My husband dipped in close, staring into the bone’s nonexistent eyes. He then moved in for an investigatory kiss, examining the teeth for any signs of its story. He pulled back, scrabbled in his pocket for his pen before remembering that it had fallen away in the cave. Grabbing a small stick, he rolled over the skull, taking in the opposite side in similar fashion.

“I’m not able to get much out of this right now,” Smith said, falling back. “We definitely need to do facial reconstruction. It’s small enough to be a woman, but I need more of the body and a face. Grant, make sure Ford has some of the divers head over here. I’m nearly certain this is the body we’re looking for.”

Smith stood, then bent at the waist, walking through the scrub and poking at it with his stick. He carved a meandering path to the lake, squelching in the exposed mud as he searched. I walked up, intent on helping, but he found his quarry before I had reached the muddy banks.

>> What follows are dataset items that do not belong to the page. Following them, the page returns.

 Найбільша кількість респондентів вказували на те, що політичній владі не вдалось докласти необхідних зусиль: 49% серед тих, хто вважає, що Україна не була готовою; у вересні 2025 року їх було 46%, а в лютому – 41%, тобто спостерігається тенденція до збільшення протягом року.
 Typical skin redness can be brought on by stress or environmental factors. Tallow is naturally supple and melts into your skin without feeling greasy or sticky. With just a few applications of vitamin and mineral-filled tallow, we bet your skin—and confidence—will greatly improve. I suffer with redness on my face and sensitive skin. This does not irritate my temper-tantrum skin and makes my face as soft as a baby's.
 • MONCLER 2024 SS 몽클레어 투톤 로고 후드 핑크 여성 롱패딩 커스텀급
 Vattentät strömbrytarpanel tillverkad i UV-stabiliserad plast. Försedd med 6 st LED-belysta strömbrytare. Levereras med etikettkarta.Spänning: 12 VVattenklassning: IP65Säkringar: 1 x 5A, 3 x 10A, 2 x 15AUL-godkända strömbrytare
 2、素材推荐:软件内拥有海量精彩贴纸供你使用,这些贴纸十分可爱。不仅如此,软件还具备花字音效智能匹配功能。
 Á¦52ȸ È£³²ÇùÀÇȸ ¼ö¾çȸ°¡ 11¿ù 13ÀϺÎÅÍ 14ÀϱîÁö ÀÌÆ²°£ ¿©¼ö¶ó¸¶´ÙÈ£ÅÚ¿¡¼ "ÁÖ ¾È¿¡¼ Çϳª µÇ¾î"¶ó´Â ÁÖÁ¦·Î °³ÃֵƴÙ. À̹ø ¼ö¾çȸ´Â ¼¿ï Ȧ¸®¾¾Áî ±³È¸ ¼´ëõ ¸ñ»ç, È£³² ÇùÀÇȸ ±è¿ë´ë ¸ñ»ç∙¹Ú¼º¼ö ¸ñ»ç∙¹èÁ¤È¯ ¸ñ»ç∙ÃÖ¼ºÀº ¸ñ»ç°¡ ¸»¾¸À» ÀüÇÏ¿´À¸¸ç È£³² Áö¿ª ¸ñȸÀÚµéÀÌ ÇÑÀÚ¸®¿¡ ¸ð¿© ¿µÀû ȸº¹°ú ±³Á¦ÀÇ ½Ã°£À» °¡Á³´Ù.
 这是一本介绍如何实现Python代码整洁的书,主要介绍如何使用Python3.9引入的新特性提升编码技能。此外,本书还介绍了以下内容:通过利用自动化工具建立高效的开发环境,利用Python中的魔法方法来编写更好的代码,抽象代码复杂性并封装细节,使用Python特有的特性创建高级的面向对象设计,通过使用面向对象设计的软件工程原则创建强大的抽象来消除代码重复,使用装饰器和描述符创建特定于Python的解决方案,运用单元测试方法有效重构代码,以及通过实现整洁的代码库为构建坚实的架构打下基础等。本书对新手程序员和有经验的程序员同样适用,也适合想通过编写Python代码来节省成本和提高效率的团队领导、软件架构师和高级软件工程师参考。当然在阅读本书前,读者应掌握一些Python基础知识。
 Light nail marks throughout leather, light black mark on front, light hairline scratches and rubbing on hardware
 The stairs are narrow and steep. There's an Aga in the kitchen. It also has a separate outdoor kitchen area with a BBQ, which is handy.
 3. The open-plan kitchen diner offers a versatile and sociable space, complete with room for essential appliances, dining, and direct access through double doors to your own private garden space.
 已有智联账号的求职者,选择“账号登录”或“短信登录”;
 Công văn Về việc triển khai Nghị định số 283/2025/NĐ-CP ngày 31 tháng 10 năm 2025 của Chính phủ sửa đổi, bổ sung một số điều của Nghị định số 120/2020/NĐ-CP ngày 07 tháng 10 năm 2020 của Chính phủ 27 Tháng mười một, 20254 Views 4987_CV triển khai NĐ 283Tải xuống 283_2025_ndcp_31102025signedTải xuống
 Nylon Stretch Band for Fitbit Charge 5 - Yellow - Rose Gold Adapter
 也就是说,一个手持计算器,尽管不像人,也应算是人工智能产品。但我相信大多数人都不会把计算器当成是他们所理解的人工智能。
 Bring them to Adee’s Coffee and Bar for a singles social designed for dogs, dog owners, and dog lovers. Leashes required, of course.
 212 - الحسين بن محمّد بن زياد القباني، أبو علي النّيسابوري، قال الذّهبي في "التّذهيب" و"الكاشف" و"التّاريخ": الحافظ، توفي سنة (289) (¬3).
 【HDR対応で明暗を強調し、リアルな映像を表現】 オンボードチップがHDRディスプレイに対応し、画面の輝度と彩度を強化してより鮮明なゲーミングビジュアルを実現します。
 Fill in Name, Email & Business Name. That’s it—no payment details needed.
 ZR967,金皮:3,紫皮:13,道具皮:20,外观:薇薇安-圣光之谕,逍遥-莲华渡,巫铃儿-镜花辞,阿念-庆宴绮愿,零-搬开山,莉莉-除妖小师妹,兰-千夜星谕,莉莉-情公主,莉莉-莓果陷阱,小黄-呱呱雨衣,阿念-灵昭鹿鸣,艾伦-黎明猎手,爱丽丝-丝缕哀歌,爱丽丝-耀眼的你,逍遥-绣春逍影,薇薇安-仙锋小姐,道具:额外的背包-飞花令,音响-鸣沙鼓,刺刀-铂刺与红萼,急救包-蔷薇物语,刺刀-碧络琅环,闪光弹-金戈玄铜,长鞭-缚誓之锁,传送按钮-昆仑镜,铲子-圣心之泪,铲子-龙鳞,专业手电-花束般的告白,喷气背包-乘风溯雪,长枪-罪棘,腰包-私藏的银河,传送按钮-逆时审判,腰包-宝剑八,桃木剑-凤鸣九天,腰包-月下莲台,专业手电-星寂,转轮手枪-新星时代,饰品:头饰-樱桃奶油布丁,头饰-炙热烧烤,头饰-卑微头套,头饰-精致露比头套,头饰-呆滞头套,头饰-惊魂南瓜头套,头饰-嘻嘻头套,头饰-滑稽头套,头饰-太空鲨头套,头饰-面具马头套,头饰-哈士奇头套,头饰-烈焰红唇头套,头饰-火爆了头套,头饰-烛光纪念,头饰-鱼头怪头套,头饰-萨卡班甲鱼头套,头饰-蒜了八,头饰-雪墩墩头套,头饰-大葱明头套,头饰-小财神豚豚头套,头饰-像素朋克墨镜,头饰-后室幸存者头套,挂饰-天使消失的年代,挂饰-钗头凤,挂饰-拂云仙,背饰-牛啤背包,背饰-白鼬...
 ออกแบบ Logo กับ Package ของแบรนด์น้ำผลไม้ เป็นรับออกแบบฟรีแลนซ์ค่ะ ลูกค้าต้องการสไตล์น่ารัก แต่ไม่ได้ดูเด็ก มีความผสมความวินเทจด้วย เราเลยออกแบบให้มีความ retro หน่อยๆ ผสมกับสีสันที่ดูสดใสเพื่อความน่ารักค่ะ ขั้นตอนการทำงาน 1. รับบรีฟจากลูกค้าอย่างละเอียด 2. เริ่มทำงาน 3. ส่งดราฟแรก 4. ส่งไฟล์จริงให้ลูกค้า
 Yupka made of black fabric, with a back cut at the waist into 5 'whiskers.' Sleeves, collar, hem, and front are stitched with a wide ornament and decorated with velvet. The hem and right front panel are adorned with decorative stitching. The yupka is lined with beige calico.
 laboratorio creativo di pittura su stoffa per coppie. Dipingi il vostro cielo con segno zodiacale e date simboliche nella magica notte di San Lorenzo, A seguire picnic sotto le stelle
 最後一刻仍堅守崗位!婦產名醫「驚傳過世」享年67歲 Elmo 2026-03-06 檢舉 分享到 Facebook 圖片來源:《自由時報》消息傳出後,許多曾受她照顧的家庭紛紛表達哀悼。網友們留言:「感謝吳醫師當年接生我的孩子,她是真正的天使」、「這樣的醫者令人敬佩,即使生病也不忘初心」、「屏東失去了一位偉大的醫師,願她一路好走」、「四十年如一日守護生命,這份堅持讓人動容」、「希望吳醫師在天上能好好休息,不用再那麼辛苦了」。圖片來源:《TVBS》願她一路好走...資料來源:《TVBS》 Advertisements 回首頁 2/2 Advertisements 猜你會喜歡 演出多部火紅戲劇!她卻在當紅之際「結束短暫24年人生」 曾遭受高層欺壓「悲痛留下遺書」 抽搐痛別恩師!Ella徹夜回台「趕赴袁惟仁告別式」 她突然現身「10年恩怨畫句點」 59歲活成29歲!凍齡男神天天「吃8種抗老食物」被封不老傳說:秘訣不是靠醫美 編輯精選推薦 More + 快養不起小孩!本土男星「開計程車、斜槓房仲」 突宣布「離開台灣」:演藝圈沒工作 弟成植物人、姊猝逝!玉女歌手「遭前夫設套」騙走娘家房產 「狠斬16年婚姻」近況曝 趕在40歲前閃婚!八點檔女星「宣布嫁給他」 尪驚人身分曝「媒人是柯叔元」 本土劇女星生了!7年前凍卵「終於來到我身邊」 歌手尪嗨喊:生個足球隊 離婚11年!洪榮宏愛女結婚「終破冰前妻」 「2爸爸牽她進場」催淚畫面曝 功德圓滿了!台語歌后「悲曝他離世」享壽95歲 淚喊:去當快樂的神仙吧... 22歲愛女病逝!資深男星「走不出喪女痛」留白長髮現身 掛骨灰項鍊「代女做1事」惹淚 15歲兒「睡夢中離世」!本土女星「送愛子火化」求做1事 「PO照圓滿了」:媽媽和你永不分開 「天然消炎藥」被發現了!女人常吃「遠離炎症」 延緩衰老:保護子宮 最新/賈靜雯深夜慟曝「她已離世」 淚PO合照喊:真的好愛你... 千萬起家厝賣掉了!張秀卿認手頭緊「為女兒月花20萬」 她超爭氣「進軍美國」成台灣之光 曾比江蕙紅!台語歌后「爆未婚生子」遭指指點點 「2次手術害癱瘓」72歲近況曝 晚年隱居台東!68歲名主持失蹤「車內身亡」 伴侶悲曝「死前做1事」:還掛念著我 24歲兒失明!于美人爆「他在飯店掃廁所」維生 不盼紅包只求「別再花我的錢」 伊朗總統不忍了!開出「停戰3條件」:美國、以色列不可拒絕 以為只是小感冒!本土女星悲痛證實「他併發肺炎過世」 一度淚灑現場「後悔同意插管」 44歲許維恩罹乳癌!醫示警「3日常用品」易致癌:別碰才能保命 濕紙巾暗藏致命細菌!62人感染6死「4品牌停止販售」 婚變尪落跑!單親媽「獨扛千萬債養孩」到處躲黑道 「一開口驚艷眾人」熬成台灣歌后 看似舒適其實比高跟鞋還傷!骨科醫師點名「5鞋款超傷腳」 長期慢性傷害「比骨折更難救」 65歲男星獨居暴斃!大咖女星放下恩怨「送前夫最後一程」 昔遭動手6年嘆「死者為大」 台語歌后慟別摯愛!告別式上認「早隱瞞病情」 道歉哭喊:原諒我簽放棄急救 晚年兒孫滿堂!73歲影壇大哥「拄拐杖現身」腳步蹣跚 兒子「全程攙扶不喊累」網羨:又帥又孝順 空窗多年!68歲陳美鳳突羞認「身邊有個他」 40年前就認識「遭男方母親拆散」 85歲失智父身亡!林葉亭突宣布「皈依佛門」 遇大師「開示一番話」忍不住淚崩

“I found vertebrae,” he called up over a hunched shoulder. With his usual disregard for self, Smith swooped down again onto his knees, this time into the swampy muck of the shore. Using the stick, he looped it through the spinal cord’s former home and lifted the bone for a closer look. Mud dripped in long streams, tangled with seaweed in a slimy goo. Smith ignored the mess, staring hard at his find.

“It looks like a cervical vertebrae, most likely the piece attached to the skull. It probably washed up by the wake from a boat and then was separated by animals coming down to drink from the lake. The body is most likely straight out from here, dropped off with the hope it could hide for years, only disturbed the next time we had a flood, and by then he’d probably be long gone.”

Smith lowered the bone for the crime scene people to remove and document once they finished with the cave. My ATV buddy would be arriving on foot soon, and he would stand guard until the CSI techs arrived. When the ranger loped up, Smith was ready to leave for his next challenge. The lake had yielded all it could for the moment.

With a dirty smile and excited handclap, Smith said, “Let’s go look at that body!”